In an embodiment, one or more fillers may be included in the composition, for example, selected from crystalline and amorphous silica, clay (such as silicate and aluminum silicate clay) (including mica and talc), and calcium carbonate. In the case of use, it may be present in a total amount of 5 to 40% by weight, for example, 10 to 25% by weight, based on the total weight of the coating composition.

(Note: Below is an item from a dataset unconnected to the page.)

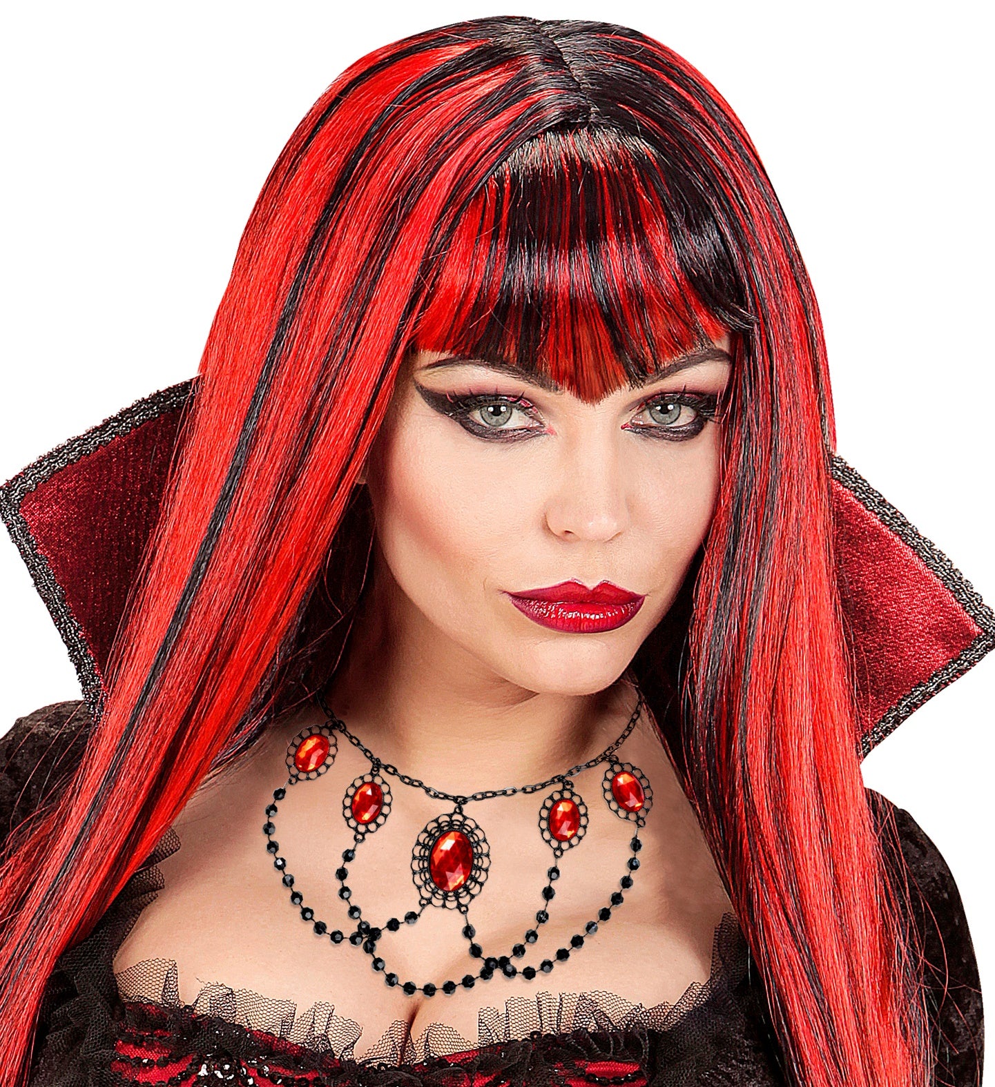 Complete your outfit with this black choker with 5 red stones. Perfect for a mysterious look! Features Stylish black choker... Read more
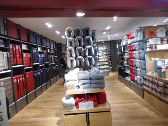 宣伝費を使わず、品質を重視する”無印”は、華美にならず、実用的で気に入っていますので、ソックスなどを購入しています。空港内のショツプは、旅行用品もあり、持参するのを忘れた”ネックピロー”を買うことができました。

In embodiments, one or more thickeners may be included, for example selected from polyurethane-based thickeners and cellulose-based thickeners, such as ethyl cellulose, methyl cellulose, and hydroxypropyl methylcellulose. Base cellulose, MEHEC (methyl ethyl hydroxyethyl cellulose), EHEC (ethyl hydroxyethyl cellulose) and HEC (hydroxyethyl cellulose). Examples of these products are sold by Nouryon under the brand name Bermocoll®. Further examples include urethane-based thickeners, such as so-called HEUR, HASE or HEURASE thickeners. HEUR stands for hydrophobically modified ethoxylate and urethane thickeners, HASE stands for hydrophobically modified alkali-soluble emulsions, and HEURASE stands for hydrophobically modified ethoxylates and urethane alkali swellable emulsions . Other thickeners include HM-PAPE thickener (a hydrophobically modified polyacetal polyether thickener), such as those described in WO 2003/037989, US 5574127 and US 6162877. Further examples of thickeners include starch and modified starch, chitosan and polysaccharide gums such as guar gum, acacia gum, welan gum and xanthan gum.

In the case of use, the thickener may be present in a total amount of 0.1 to 3.0% by weight, for example, 0.3 to 1.5% by weight, based on the total weight of the coating composition.

In an embodiment, one or more dispersants may be included, for example selected from anionic surfactants. In the case of use, it may be present in a total amount of 0.1 to 3.0% by weight, for example, 0.3 to 1.0% by weight, based on the total weight of the coating composition.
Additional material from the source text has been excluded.